Reproduce each line of the following material exactly, omitting the images.

══ PROVIDED DATA ══

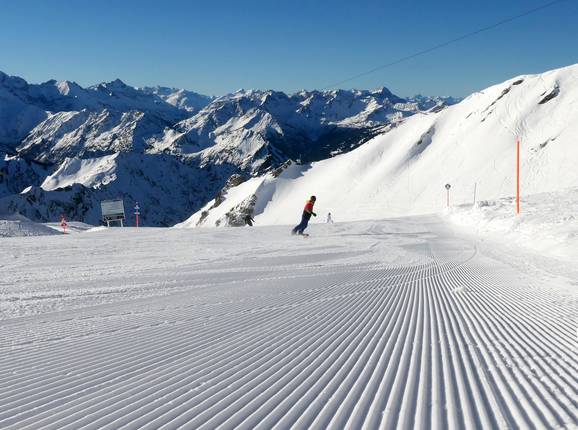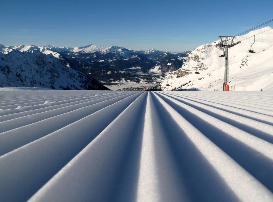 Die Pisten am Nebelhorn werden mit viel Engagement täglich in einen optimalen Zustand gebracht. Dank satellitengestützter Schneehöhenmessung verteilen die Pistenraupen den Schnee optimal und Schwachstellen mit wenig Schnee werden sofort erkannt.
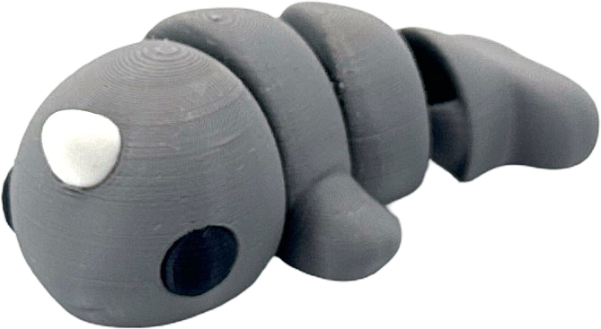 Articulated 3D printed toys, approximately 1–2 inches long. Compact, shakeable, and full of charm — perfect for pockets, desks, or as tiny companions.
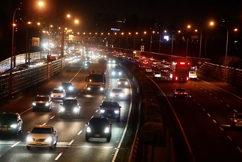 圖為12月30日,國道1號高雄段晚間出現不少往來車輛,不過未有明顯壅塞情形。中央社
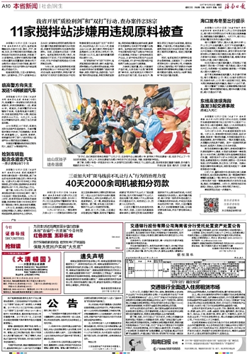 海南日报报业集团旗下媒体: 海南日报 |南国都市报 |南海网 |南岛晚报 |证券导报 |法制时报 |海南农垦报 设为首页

═══

- [RESULT FOR THIS TASK]
 Die Pisten am Nebelhorn werden mit viel Engagement täglich in einen optimalen Zustand gebracht. Dank satellitengestützter Schneehöhenmessung verteilen die Pistenraupen den Schnee optimal und Schwachstellen mit wenig Schnee werden sofort erkannt.
 Articulated 3D printed toys, approximately 1–2 inches long. Compact, shakeable, and full of charm — perfect for pockets, desks, or as tiny companions.
 圖為12月30日,國道1號高雄段晚間出現不少往來車輛,不過未有明顯壅塞情形。中央社
 海南日报报业集团旗下媒体: 海南日报 |南国都市报 |南海网 |南岛晚报 |证券导报 |法制时报 |海南农垦报 设为首页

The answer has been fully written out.